Quaylin Tyrell Wesley, 27, an Oakland man working as a summer camp counselor, was scheduled for arraignment Wednesday morning in Oakland on eight felony counts — including six counts of lewd acts on a child — after allegedly entering a UC Berkeley dormitory room in the early morning hours and sexually assaulting an 11-year-old camper.

The case raises troubling questions about oversight of third-party youth programs that use UC Berkeley's residential facilities: university officials confirmed the camp was operated by an outside organization but refused to name it, saying only that the program has "concluded." Parents of other children who attended are left without any public information about the program that employed the accused man.

Quaylin Tyrell Wesley appeared in Alameda County Superior Court Wednesday for arraignment, one of the more immediate legal milestones in a case that began in the predawn hours of June 14, when Wesley allegedly crept into a dorm room where two young girls were sleeping.

According to a University of California Police Department statement filed in Alameda County Superior Court and reported by Berkeleyside, Wesley entered the room sometime before 2 a.m. and groped the 11-year-old with his hands and mouth. The girl, fearing what he "would do if he knew she was awake," pretended to be asleep, according to the court statement. Wesley fled when her roommate stirred on the adjacent bed.

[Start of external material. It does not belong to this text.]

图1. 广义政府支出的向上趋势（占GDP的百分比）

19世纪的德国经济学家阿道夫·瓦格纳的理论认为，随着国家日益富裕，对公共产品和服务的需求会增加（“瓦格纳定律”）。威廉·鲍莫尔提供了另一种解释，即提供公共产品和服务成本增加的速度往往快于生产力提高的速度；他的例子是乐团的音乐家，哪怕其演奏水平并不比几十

He returned minutes later and sexually assaulted the girl a second time, again fleeing when the roommate moved, according to police. After he left, the girl tried to wake her roommate and, when she couldn't, ran to a bathroom and then found another camper and a counselor to report what had happened. Camp counselors evacuated the children to a nearby room and blocked the door before calling UCPD.

Officers arrived to find Wesley gone. He was arrested approximately 12 hours later, shortly after 2 p.m. that same Saturday, and has been held at Santa Rita Jail in Dublin ever since. On Tuesday, the Alameda County District Attorney's Office formally charged Wesley with two counts of burglary and six counts of lewd acts on a child — all felonies.

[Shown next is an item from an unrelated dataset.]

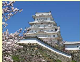
姫路城世界遺産登録30周年 天守等の限定公開 (兵庫県) 2023年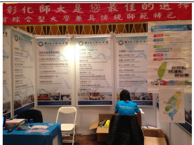
教育展攤位佈置。(各學院背景掛圖8幅、本校紅布條、本校自招報名宣傳海報)

The program nobody will name

Beyond the charges against Wesley lies a significant accountability gap: UC Berkeley will not publicly identify the third-party camp that employed him as a counselor and placed him in the dorms alongside children.

"The third-party program that was involved has concluded its program at UC Berkeley," university spokesperson Janet Gilmore told Berkeleyside in an emailed statement. When asked whether the program had ended permanently or merely concluded its current session, Gilmore declined to elaborate.

Gilmore explained that Berkeley was withholding the camp's identity "because the matter involves a minor who is a sexual assault victim, in order to protect their identity, and because this is an ongoing police matter." But critics could reasonably argue the two rationales are in tension: a child victim's identity does not hinge on which organization ran the camp, and parents of other children who may have attended have no way to know whether their own kids had contact with Wesley.

The university's stance also leaves open basic questions: How many children were enrolled in the program? What vetting, if any, did the camp require of its counselors? What supervision was in place overnight, given that a counselor was apparently able to enter campers' dorm rooms in the early morning hours undetected?

UC Berkeley routinely leases its dormitory facilities to outside programs during the summer, a common practice at major research universities. Those arrangements typically include the use of residential halls and campus dining — along with whatever overnight supervision protocols exist, or don't, between the university and the contracting organization.

Wesley's arraignment Wednesday marks the beginning of formal criminal proceedings. He faces a maximum of years in state prison if convicted on all counts.